Johnson & Johnson was the only party in the Oklahoma lawsuit that opted to go to trial; the state earlier this year reached a $270 million deal with Purdue Pharma and an $85 million settlement with Teva Pharmaceuticals. The Purdue settlement orders about $200 million to go towards a trust to fund an addiction studies center at Oklahoma State University in Tulsa, according to the Associated Press. Two lesser known drugmaker defendants in the multi-state Ohio case, Endo International and Allergan, pulled out last week before a trial began and agreed to pay $15 million in settlements, Reuters reports.
But for Peter Meyers, professor emeritus of law at George Washington University, there remains “a lot of uncertainty” about what could happen with regards to Johnson & Johnson’s appeal.
It’s “certainly possible” that an appellate court in Oklahoma will look at the case and say the judge’s ruling on public nuisance grounds “is too much of a stretch,” Meyers says. But, he notes, the case will not be overturned before the Ohio case goes to trial in October, and still considers the Oklahoma ruling to be a “game-changer” that “certainly strengthens the hands of plaintiff lawyers” in similar cases.

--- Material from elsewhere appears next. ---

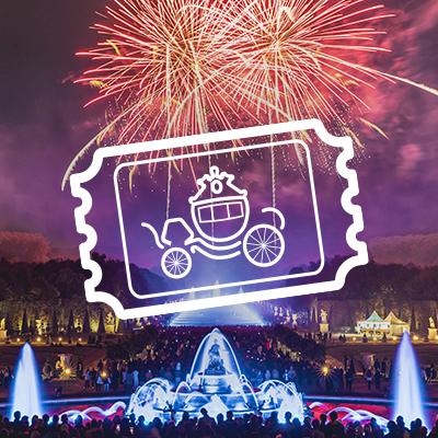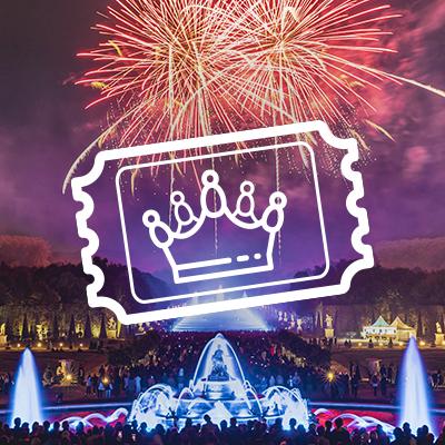 /!\ L’accès en voiture aux Grandes Eaux Nocturnes - Indépendance Américaine par la Grille de la Reine est réservé aux visiteurs munis d’un Billet Prestige ou Royal. Chaque visiteur, y compris les enfants de 4 à 17 ans, doit posséder l’un de ces billets. Seuls ces billets incluent le droit au stationnement.
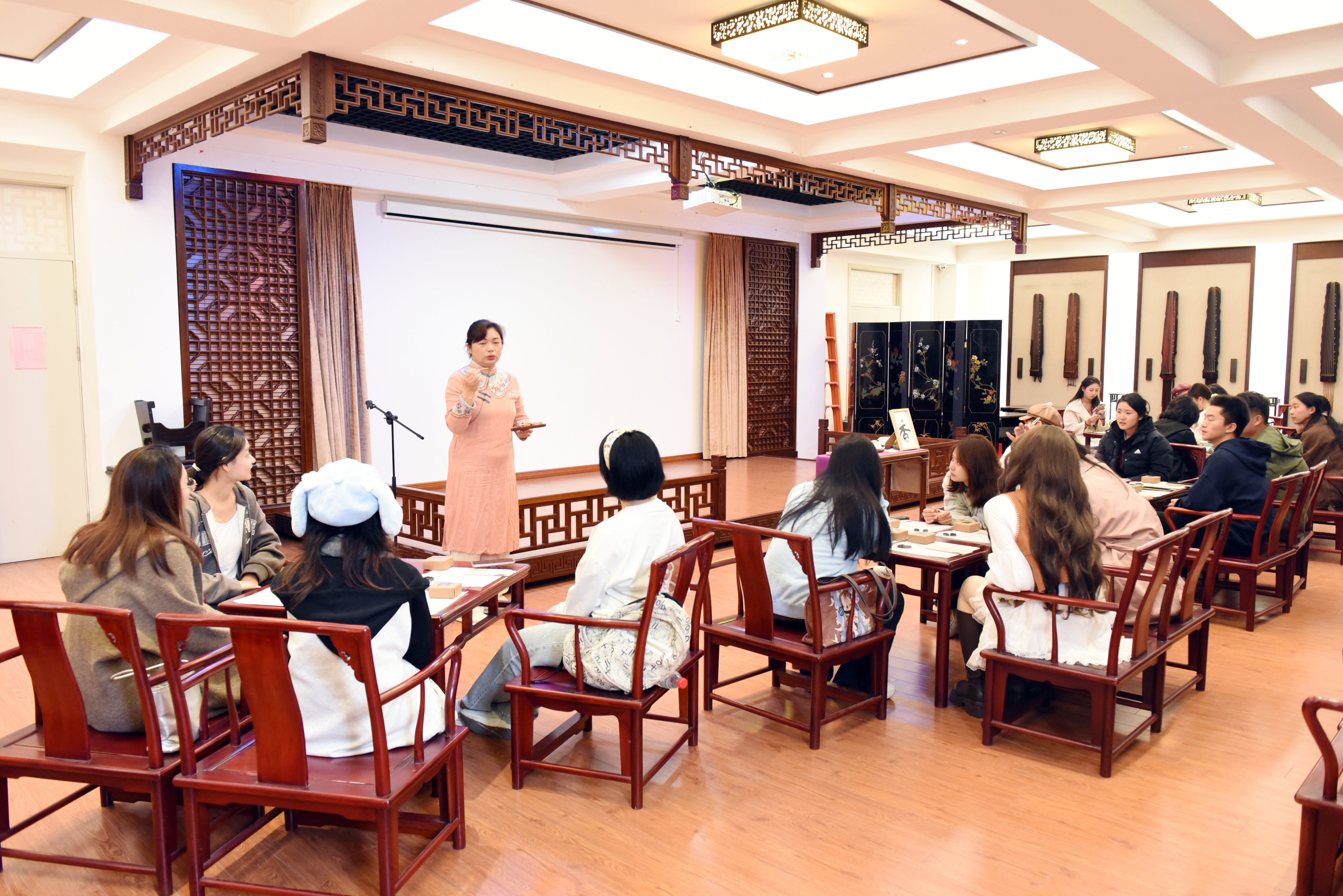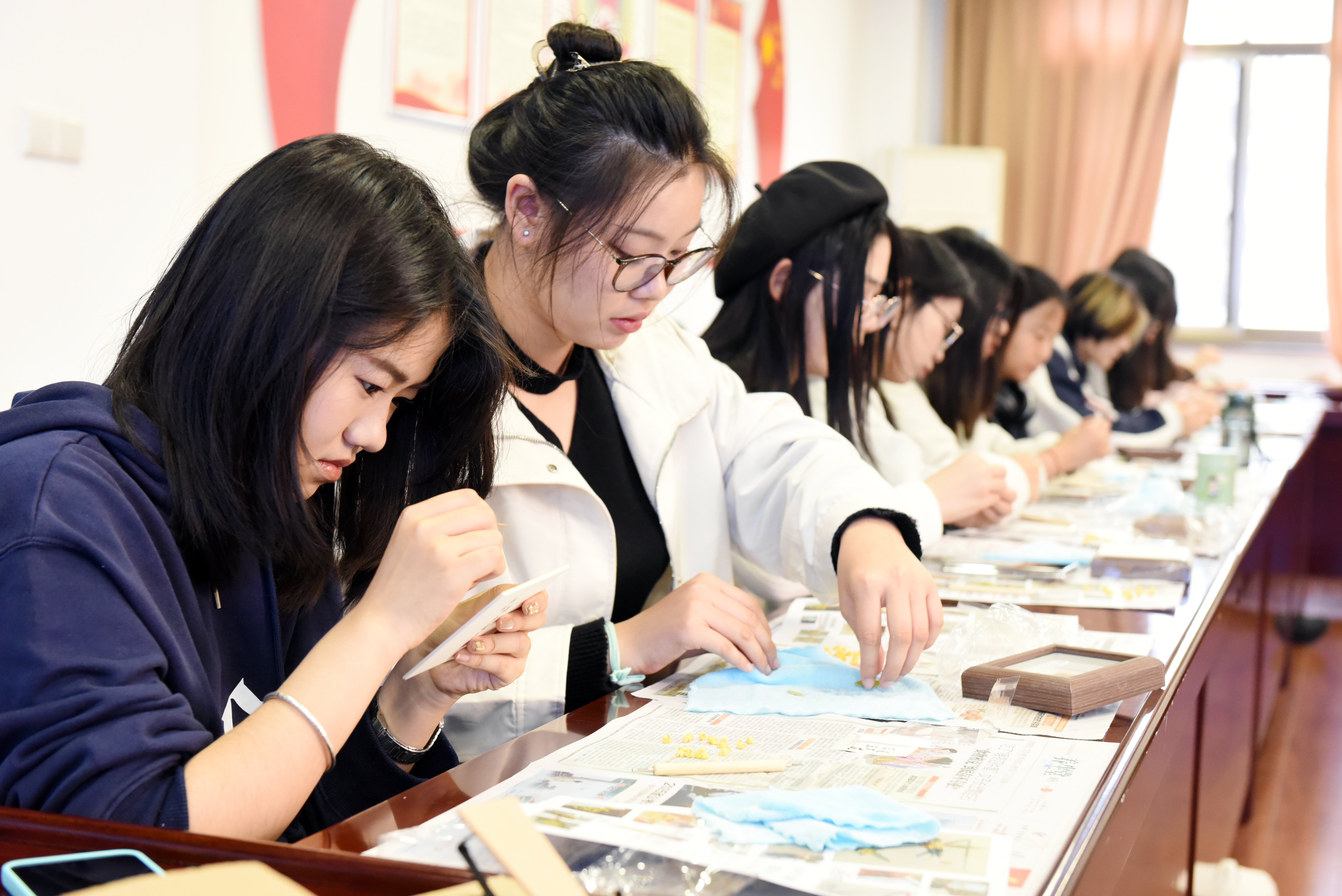 本次实践教学活动以“在非物质文化遗产中感受文化的力量”为主题,由扬州市文化馆三位非遗传承人担任现场教学主讲人,分别以扬州剪纸、通草花制作技艺、文人香制作技艺为体验项目,对三项非遗项目的历史文化背景、制作过程、蕴含的文化内容以及保存收藏技巧进行了详细介绍和解读。学生们认真听讲,积极回应,用心体会非遗项目所蕴含的文化力量;同时积极学习和探讨非遗项目的制作技艺,从材料的分类、裁剪到手法的定型、调整再到产品的装饰、保存,全流程亲身参与了三个非遗项目的制作过程。随后,学生们在文化馆工作人员的带领下,参观了非物质文化遗产文创获奖作品展,纷纷为各项充满浓郁文化气息的非遗作品感叹和赞美。

Meyers says the Ohio case is similar to how states brought cases on behalf of their constituents in the fight against big tobacco in the late 1990s, when attorney generals for all 50 states reached settlements under which tobacco companies would pay them forever. Under the settlement, every April 15, the five largest tobacco companies pay $9 billion dollars to state governments every year, according to the Associated Press.
“The world changed when all states began bringing cases on behalf of their constituents,” Meyers says. But hardly any of that money went to victims or families who suffered the harmful effects of smoking, he adds.
“A lot of that money was supposed to go to smoking cessation and pulmonary health programs,” John Jacobi, professor of health and law policy at Seton Hall Law School tells TIME — but not all of it did. At states’ discretion, a lot was instead used for things like plugging budget gaps and filling potholes, Jacobi explains.
So while most of the major litigation related to the opioids crisis has only just begun, there are already questions about where the money from lawsuits like the ones in Ohio may go. Jacobi says what happened with the money from settlements from tobacco litigation serve as a “cautionary tale,” and that verdicts like the one handed down in Oklahoma judgment should be used to effectively address drug and opioid addiction.
The over-prescription and distribution of opioids is still an important and serious problem but it is “very different” than what it was a decade ago, Jacobi says — prescription levels have dropped and steps are being taken to address the issue. He argues the government should focus on the general issue of addiction and deadly street drugs, like heroin and fentanyl, through funding public health programs that provide substance abuse treatment like Medicaid.